[lbo-talk] Thoughts on Reed and Vietnam (1)

Wojtek Sokolowski swsokolowski at yahoo.com
Tue Sep 2 10:38:21 PDT 2008


--- On Tue, 9/2/08, Doug Henwood <dhenwood at panix.com> wrote:


> I know Adolph pretty well - in fact I just spent 45 minutes
> with him
> on the phone, and I've read a lot of his work - and you
> couldn't be
> more wrong. Adolph believes in organizing large numbers of
> people
> around an actual political agenda. He's spent years
> trying to build
> the Labor Party. There's nothing glamorous or
> charismatic about it -
> it's all about knocking on doors, talking to people,
> signing them up,
> building institutions. Where do you get this stuff from?
>

[WS:] Obviously, I do not know Ralph Reed personally, so my mistake if I misrepresented his personal views. Sorry.

But my main point is that if people think that mobilizing large numbers of people for a radical or trully progressive cause, by going door to door or otherwise, is possible in the US - I wish I had the same stuff they've been smoking or ingesting. This country did not even get "wussy" social-democracy when the time was right and ripe for a change (i.e. during the Great Depression, or even Vietnam War), so what makes anyone think that implementing some form of radical policy is even remotely possible today, when neoliberalism is the king?

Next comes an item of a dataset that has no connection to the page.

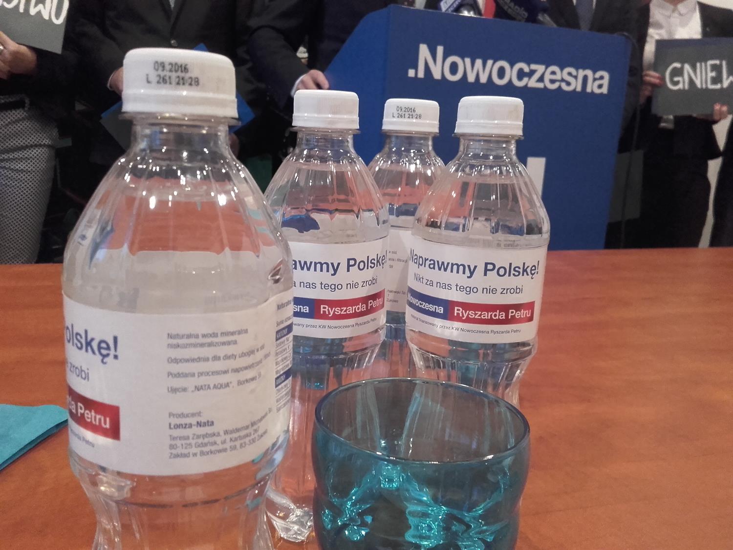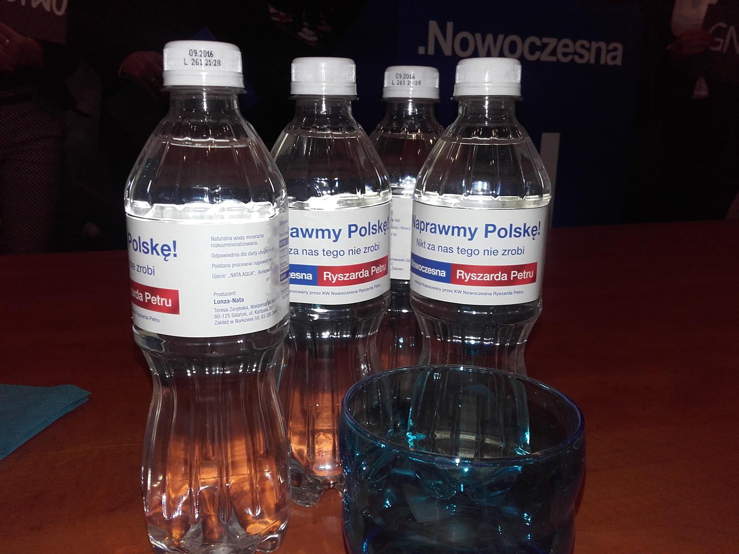 Jeśli ktoś trafi do biura posła Piotra Misiły na ulicy Pocztowej w Szczecinie musi wiedzieć o pewnej sprawie. Otóż butelki z wodą (sztuk osiem, sygnowane logo Nowoczesnej i nazwiskiem Ryszarda Petru), które stoją na stole konferencyjnym, są tylko... wystawą. Nie są do picia! I nie dajmy się zwieść kuszącym szklankom, które stoją obok butelek.
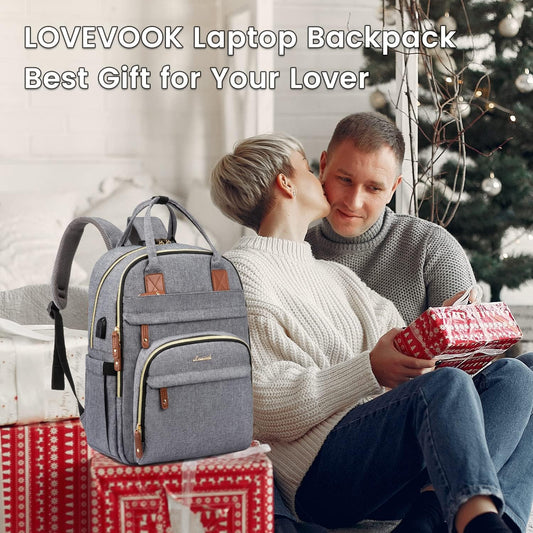 Laptop Backpack for Women & Men, Unisex Travel Anti-Theft Work Business Computer College Bag Purse, Casual Hiking Outdoor Carry on Daypack with Lock, Fits 15.6 Inch Laptop, Grey

Bush-syle gangster capitalism may experience some hiccups, but free market is the dogma today among both elites and the masses in the US, and it is not going to change any time soon, perhaps even in our life time. That is the sad reality. The best we can hope for is people like Obama - who have enough skill and will to negotiate a slighly better deal for people who have been getting the short end of the stick since the Reagan "revolution."

This whole left-wing criticim of Obama is like a patient with a terminal cancer cursing his doctors that they offer him only palliative treatment instead of curing him. There is no cure for cancenr, and there is no chance for radical policy in the US. Get real, people, and show some gratitude to those who try to soothe your pain a bit.